The present invention relates to a device self-diagnosis method for a transmission device that processes input data and sends it to a transmission path.

For example, in moving image transmission using a digital line, it is necessary to process a large amount of data at high speed, resulting in an increase in the scale of the equipment and the use of a large number of printed board units.

If self-diagnosis of such large-scale equipment is performed sequentially using hardware checks, the number of external interfaces for the control unit will increase, and the internal wiring of the equipment will become congested, which is one of the causes of reduced reliability of the equipment. Become.

Therefore, self-diagnosis of large-scale equipment using a large number of such printed board units can be performed efficiently by reducing the number of external interfaces of the control unit, and when a faulty printed board is detected, the printed board unit can be removed. A device self-diagnosis method is required to avoid this and take action.

[Conventional technology]

FIG. 4 shows a block diagram illustrating a conventional example.

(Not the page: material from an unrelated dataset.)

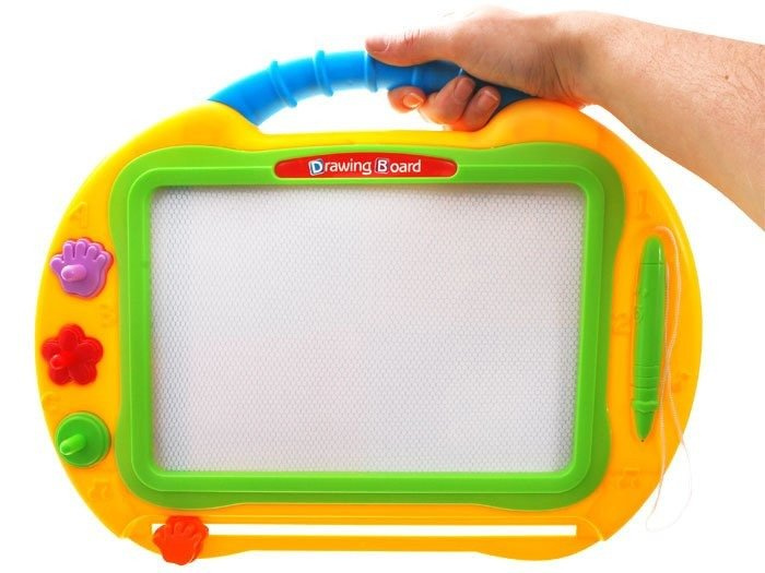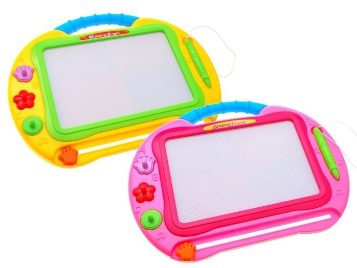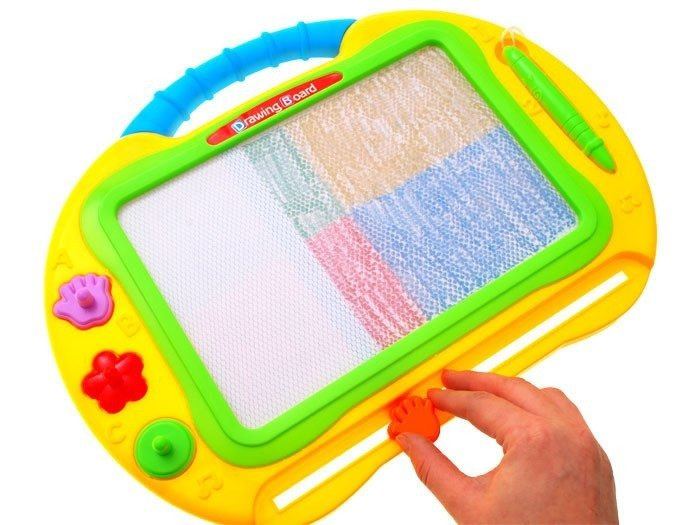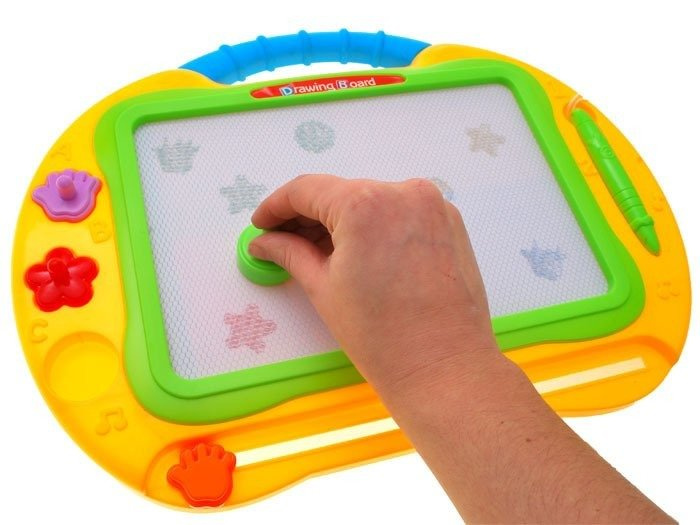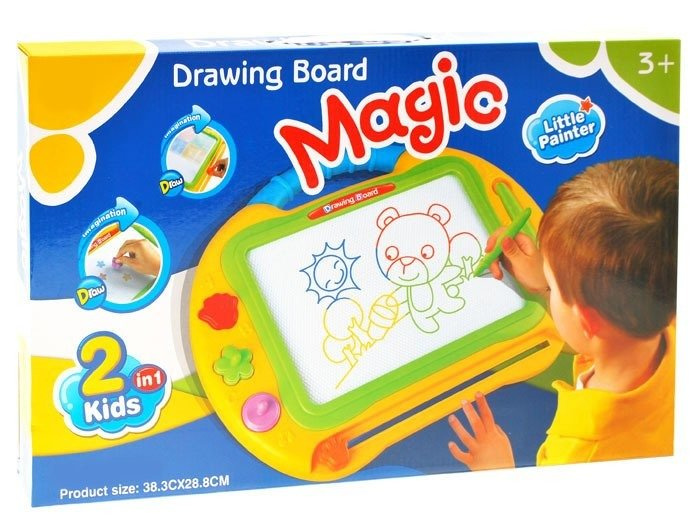 Tło tablicy jest wielokolorowe podczas rysowania zmienia się w zależności od miejsca pisania lub malowania. Pieczątki służą także do malowania. Jeśli rysunek nam się znudzi lub nie spodoba można go po prostu zmazać przy pomocy przesuwalnego mazaka w kształcie rączki. Zabawa znikopisem będzie świetnym rozwiązaniem na nudne wieczory.

The conventional example shown in Fig. 4 is a moving image encoding device as an example of a device that uses a large number of printed circuit board units, and is an A/D converter that converts video input into A/D as a device for sending signals. A conversion section 51, a Y/C separation and multiplexing section 53 that separates and multiplexes luminance signals and hue signals, a frame buffer section 55 that includes a filter and frame buffer that removes unnecessary bands, and An encoding unit 56 that performs encoding; a transmission frame configuration unit 58 that sends out signals in accordance with the transmission line interface; and a transmission frame decomposition unit that is unisymmetrically configured with the transmission side as a device for receiving signals. 59, decoding unit 57
, frame buffer section 55a, Y/C synthesis and separation section 5
4. It is equipped with a D/A conversion section 52 and a control section 11 that controls these component devices.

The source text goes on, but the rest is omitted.